TASSI DI INTERESSE SUI PRESTITI.  A maggio 2017, i tassi di interesse applicati sui prestiti alla clientela si collocano, su livelli molto bassi: il tasso medio sul totale dei prestiti è pari al 2,79%, minimo storico (2,81% il mese precedente e 6,18% prima della crisi, a fine 2007).

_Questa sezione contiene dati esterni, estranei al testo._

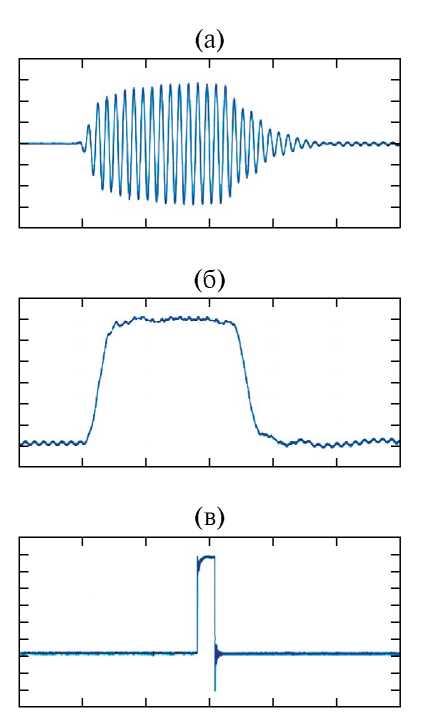 Рис. 2. (а) – Принятый и усиленный радиоимпульс, (б) – видеоимпульс с выхода фазового детектора, (в) – строб-импульс.

Il tasso medio sulle nuove operazioni di finanziamento alle imprese risulta pari a 1,56%, era 1,53% il mese precedente (5,48% a fine 2007). Il tasso medio sulle nuove operazioni per acquisto di abitazioni si attesta al 2,12%, (2,13% ad aprile 2017, 5,72% a fine 2007). Sul totale delle nuove erogazioni di mutui circa i due terzi sono mutui a tasso fisso.

QUALITÀ DEL CREDITO.  Le sofferenze nette (cioè al netto delle svalutazioni già effettuate dalle banche con proprie risorse) ad aprile 2017 si posizionano a 77,2 miliardi di euro (valore in flessione rispetto ai 77,8 miliardi del mese precedente e più basso da maggio 2014), in forte diminuzione rispetto al dato di dicembre 2016 (86,8 miliardi). In particolare, rispetto al picco di 89 miliardi toccato a novembre 2015 si registra una riduzione delle sofferenze nette di oltre il 13%. Il rapporto sofferenze nette su impieghi totali si è ridotto a 4,42% ad aprile 2017 (era 4,89% a fine 2016 e 0,86% prima della crisi).

DINAMICA DELLA RACCOLTA DA CLIENTELA.  In Italia i depositi (in conto corrente, certificati di deposito, pronti contro termine) sono aumentati, a fine maggio 2017, di quasi 58 miliardi di euro rispetto a un anno prima (variazione pari a +4,3% su base annuale), mentre si conferma la diminuzione della raccolta a medio e lungo termine, cioè tramite obbligazioni, per quasi 53,6 miliardi di euro in valore assoluto negli ultimi 12 mesi (pari a -14,5%). La dinamica della raccolta complessiva (depositi da clientela residente + obbligazioni) registra a maggio 2017 una lieve crescita su base annua pari a +0,2%, era -0,1% il mese precedente. Dalla fine del 2007, prima dell’inizio della crisi, ad oggi la raccolta da clientela è cresciuta da 1.549 a quasi 1.714 miliardi di euro, segnando un aumento – in valore assoluto - di quasi 165 miliardi.

TASSI DI INTERESSE SULLA RACCOLTA.  A maggio 2017 il tasso di interesse medio sul totale della raccolta bancaria da clientela (somma di depositi, obbligazioni e pronti contro termine in euro a famiglie e società non finanziarie) è pari in Italia a 0,95% (0,95% anche il mese precedente, in flessione dal 2,89% di fine 2007) ad effetto:del tasso praticato sui depositi (conti correnti, depositi a risparmio e certificati di deposito), pari a 0,40% (0,40% anche ad aprile 2017); del tasso sui PCT, che si colloca a 0,82% (0,79% ad aprile); del rendimento delle obbligazioni, pari a 2,69% (2,67% ad aprile).

MARGINE TRA TASSO SUI PRESTITI E TASSO SULLA RACCOLTA.  Il margine (spread) fra il tasso medio sui prestiti e quello medio sulla raccolta a famiglie e società non finanziarie permane in Italia su livelli particolarmente bassi, a maggio 2017 risulta pari a 184 punti base (186 punti base il mese precedente), in marcato calo dagli oltre 300 punti base di prima della crisi finanziaria (329 punti base a fine 2007). In media nel 2016 tale differenziale è risultato pari a 1,98 punti percentuali (2,11 p.p.).